**Directions for this task:**
Word for word, restate the lines of the data below between those holding "航天宏图是在上海数据交易所较" and "Представляем прогноз погоды", inclusive; pictures do not belong in the copy.

**Information supplied:**
((

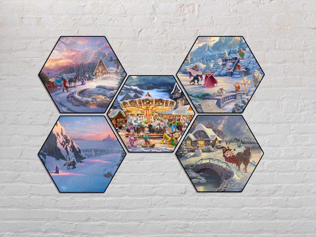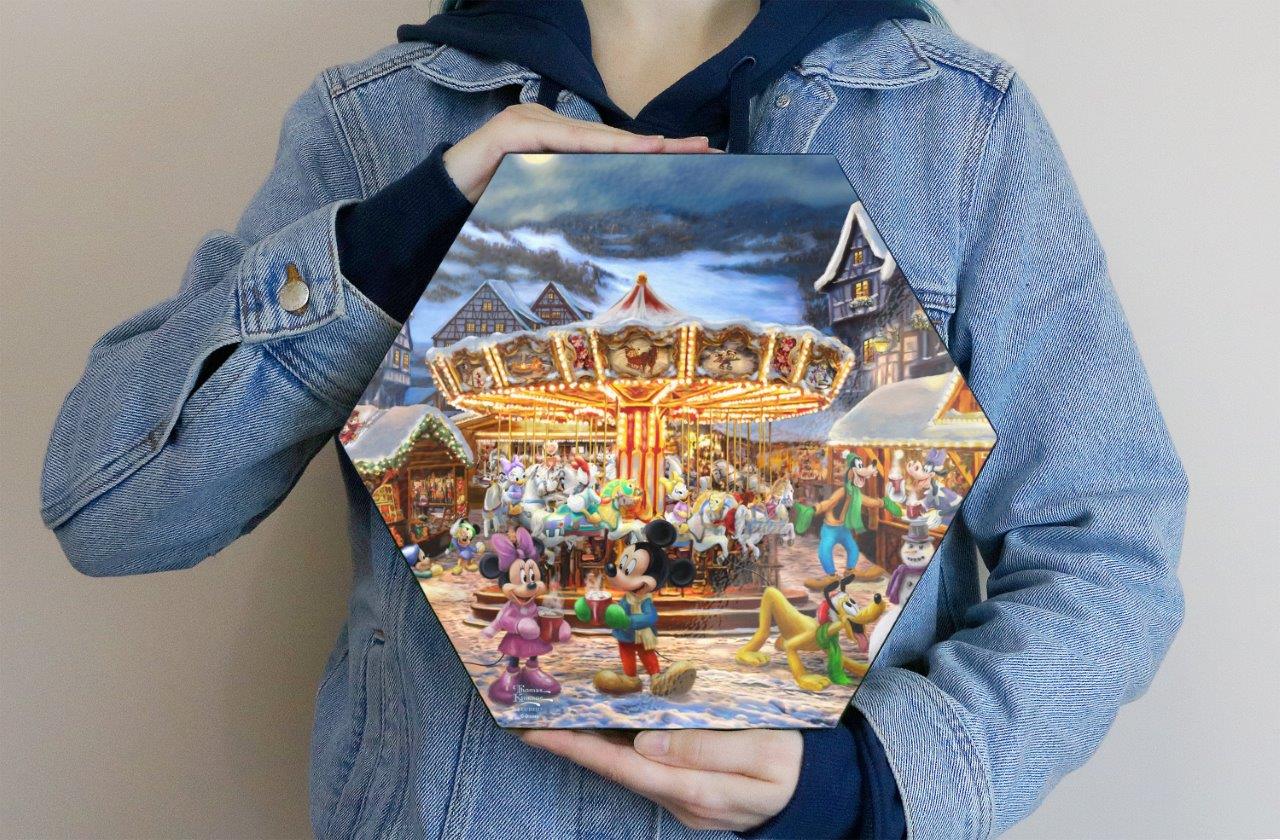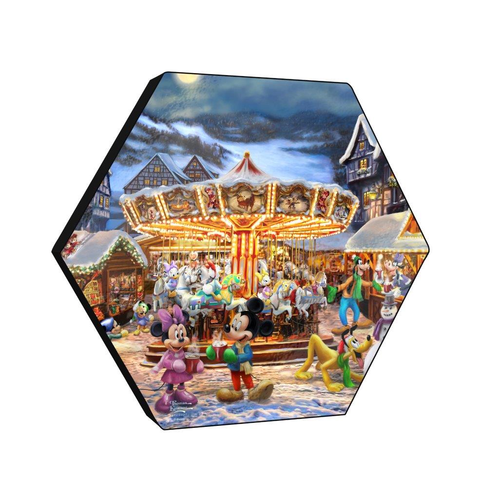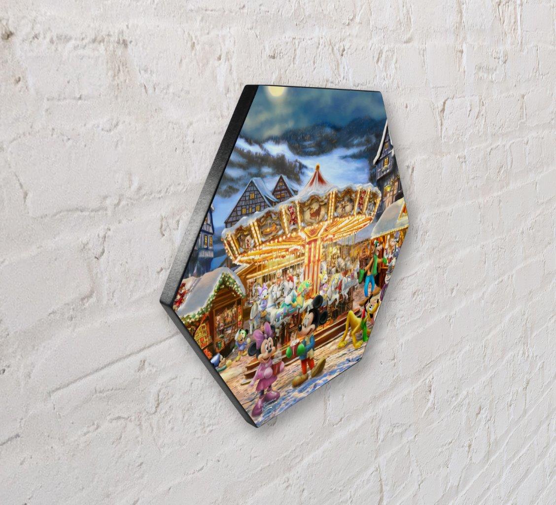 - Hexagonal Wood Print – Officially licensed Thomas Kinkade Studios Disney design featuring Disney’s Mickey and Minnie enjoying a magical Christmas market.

))
((

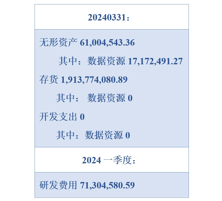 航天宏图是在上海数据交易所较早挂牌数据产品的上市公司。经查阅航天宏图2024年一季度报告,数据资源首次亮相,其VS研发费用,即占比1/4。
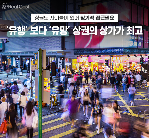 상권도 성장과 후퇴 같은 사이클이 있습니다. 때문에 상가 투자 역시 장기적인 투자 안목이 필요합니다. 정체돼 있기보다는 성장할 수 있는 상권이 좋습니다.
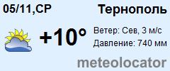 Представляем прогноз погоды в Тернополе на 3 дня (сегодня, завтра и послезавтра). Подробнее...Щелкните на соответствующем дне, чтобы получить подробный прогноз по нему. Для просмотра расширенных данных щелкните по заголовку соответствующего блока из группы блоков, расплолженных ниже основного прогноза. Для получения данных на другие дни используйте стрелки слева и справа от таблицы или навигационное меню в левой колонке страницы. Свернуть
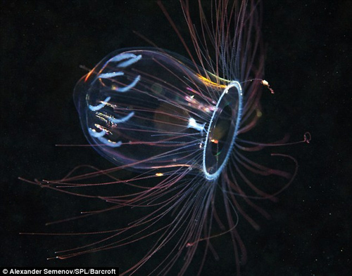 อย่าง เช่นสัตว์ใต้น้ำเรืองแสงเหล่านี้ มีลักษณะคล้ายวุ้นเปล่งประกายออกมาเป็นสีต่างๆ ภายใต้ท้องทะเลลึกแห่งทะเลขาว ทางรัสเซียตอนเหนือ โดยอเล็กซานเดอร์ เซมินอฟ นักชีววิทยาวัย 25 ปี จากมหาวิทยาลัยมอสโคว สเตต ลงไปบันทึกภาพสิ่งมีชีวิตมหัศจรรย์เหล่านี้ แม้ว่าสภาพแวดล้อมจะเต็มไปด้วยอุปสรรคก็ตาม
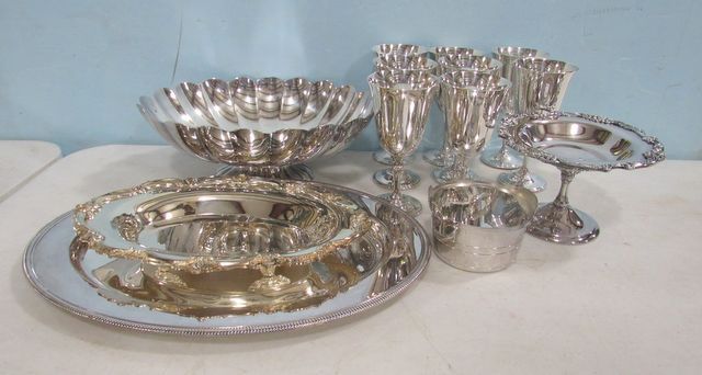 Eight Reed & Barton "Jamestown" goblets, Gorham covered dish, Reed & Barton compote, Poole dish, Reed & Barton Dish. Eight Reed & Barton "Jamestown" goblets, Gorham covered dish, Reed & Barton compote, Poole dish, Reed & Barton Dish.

))

**Solved exercise:**
 航天宏图是在上海数据交易所较早挂牌数据产品的上市公司。经查阅航天宏图2024年一季度报告,数据资源首次亮相,其VS研发费用,即占比1/4。
 상권도 성장과 후퇴 같은 사이클이 있습니다. 때문에 상가 투자 역시 장기적인 투자 안목이 필요합니다. 정체돼 있기보다는 성장할 수 있는 상권이 좋습니다.
 Представляем прогноз погоды в Тернополе на 3 дня (сегодня, завтра и послезавтра). Подробнее...Щелкните на соответствующем дне, чтобы получить подробный прогноз по нему. Для просмотра расширенных данных щелкните по заголовку соответствующего блока из группы блоков, расплолженных ниже основного прогноза. Для получения данных на другие дни используйте стрелки слева и справа от таблицы или навигационное меню в левой колонке страницы. Свернуть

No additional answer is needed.